* [AVAILABLE RECORDS]
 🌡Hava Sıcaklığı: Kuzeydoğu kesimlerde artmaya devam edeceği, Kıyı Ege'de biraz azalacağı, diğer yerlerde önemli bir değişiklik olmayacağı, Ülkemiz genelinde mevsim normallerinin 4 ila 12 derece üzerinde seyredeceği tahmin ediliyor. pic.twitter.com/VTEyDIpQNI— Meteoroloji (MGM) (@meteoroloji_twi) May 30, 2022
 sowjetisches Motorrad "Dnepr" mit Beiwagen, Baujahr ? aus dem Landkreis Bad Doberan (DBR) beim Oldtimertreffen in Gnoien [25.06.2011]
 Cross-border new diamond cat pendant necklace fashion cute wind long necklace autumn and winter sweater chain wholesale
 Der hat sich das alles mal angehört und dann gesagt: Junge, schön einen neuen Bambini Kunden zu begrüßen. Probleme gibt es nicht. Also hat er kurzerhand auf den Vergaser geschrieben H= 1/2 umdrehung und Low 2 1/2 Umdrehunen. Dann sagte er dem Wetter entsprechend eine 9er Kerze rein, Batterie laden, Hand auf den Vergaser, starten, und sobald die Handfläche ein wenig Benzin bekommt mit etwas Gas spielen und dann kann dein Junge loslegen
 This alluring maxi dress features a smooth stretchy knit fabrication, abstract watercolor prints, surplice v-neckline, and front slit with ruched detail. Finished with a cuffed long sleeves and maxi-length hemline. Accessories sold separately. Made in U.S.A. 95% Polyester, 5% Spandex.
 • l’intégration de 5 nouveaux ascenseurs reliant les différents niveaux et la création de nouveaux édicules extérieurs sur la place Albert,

---

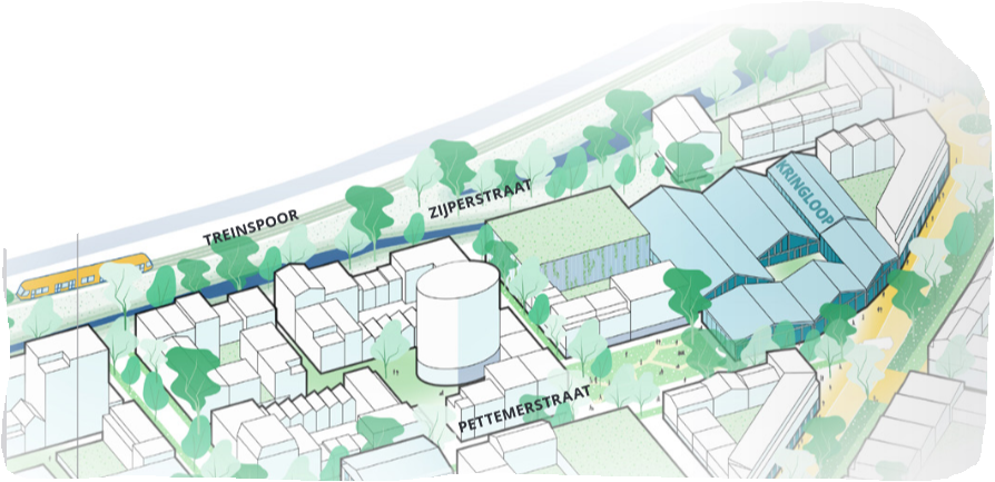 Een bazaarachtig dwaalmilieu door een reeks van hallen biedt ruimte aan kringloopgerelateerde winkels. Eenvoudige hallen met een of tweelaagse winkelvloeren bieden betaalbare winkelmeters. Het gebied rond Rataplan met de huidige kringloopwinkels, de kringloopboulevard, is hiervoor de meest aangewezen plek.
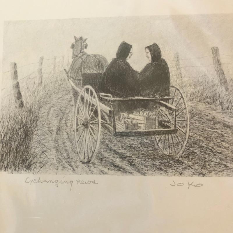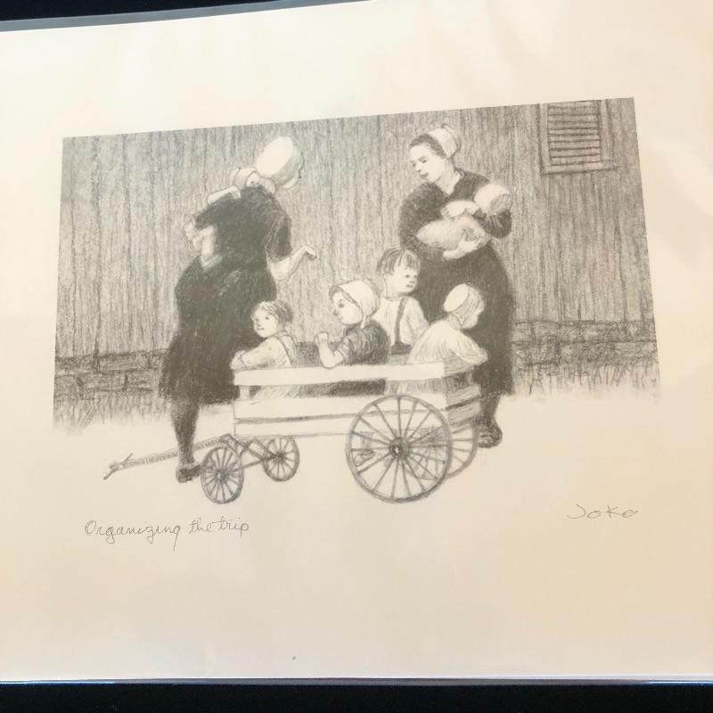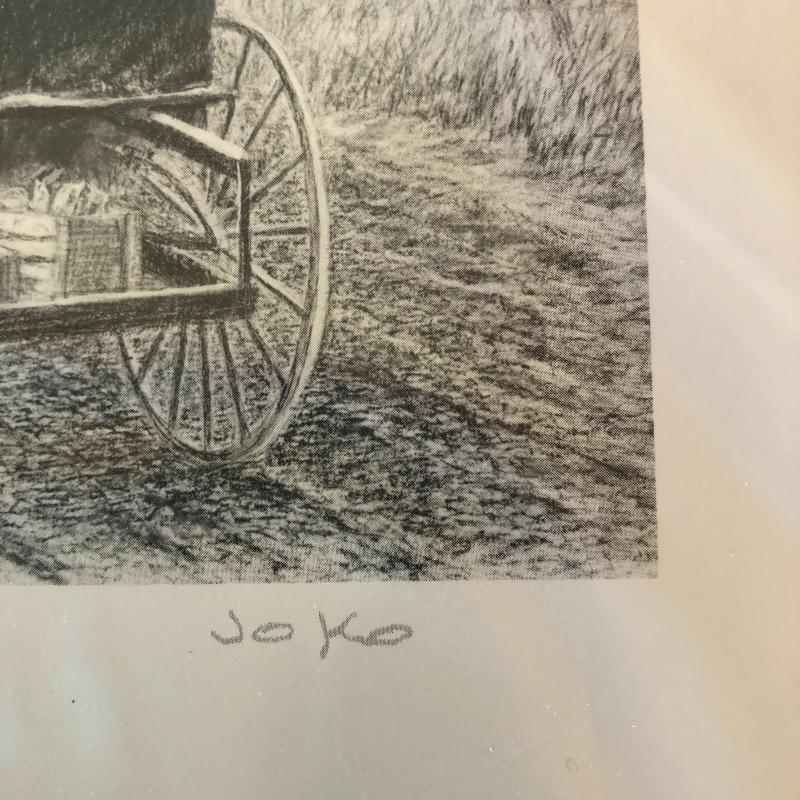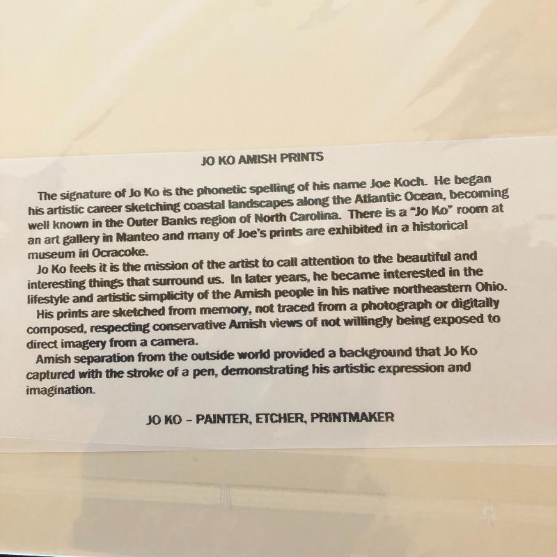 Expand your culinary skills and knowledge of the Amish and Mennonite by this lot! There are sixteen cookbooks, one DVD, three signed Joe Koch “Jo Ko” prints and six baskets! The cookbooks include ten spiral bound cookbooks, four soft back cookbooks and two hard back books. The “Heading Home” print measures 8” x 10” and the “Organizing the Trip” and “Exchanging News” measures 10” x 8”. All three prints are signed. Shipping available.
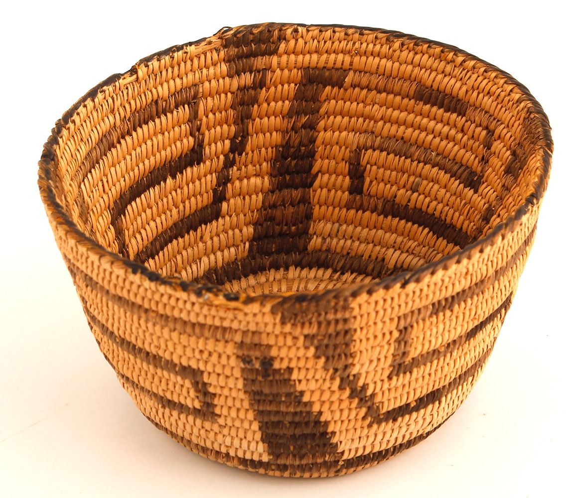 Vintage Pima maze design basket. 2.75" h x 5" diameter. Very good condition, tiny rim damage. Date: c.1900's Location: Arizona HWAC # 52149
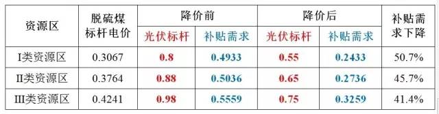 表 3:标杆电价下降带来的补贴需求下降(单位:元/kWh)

* [WHAT YOU HAVE TO DO] What is wanted is an exact copy of the lines above from the one containing "Een bazaarachtig dwaalmilieu" through the one containing "表 3:标杆电价下降带来的补贴需求下降(单位:元/kWh)", with no pictures in it.

* [ANSWER TO THIS EXERCISE]
 Een bazaarachtig dwaalmilieu door een reeks van hallen biedt ruimte aan kringloopgerelateerde winkels. Eenvoudige hallen met een of tweelaagse winkelvloeren bieden betaalbare winkelmeters. Het gebied rond Rataplan met de huidige kringloopwinkels, de kringloopboulevard, is hiervoor de meest aangewezen plek.
 Expand your culinary skills and knowledge of the Amish and Mennonite by this lot! There are sixteen cookbooks, one DVD, three signed Joe Koch “Jo Ko” prints and six baskets! The cookbooks include ten spiral bound cookbooks, four soft back cookbooks and two hard back books. The “Heading Home” print measures 8” x 10” and the “Organizing the Trip” and “Exchanging News” measures 10” x 8”. All three prints are signed. Shipping available.
 Vintage Pima maze design basket. 2.75" h x 5" diameter. Very good condition, tiny rim damage. Date: c.1900's Location: Arizona HWAC # 52149
 表 3:标杆电价下降带来的补贴需求下降(单位:元/kWh)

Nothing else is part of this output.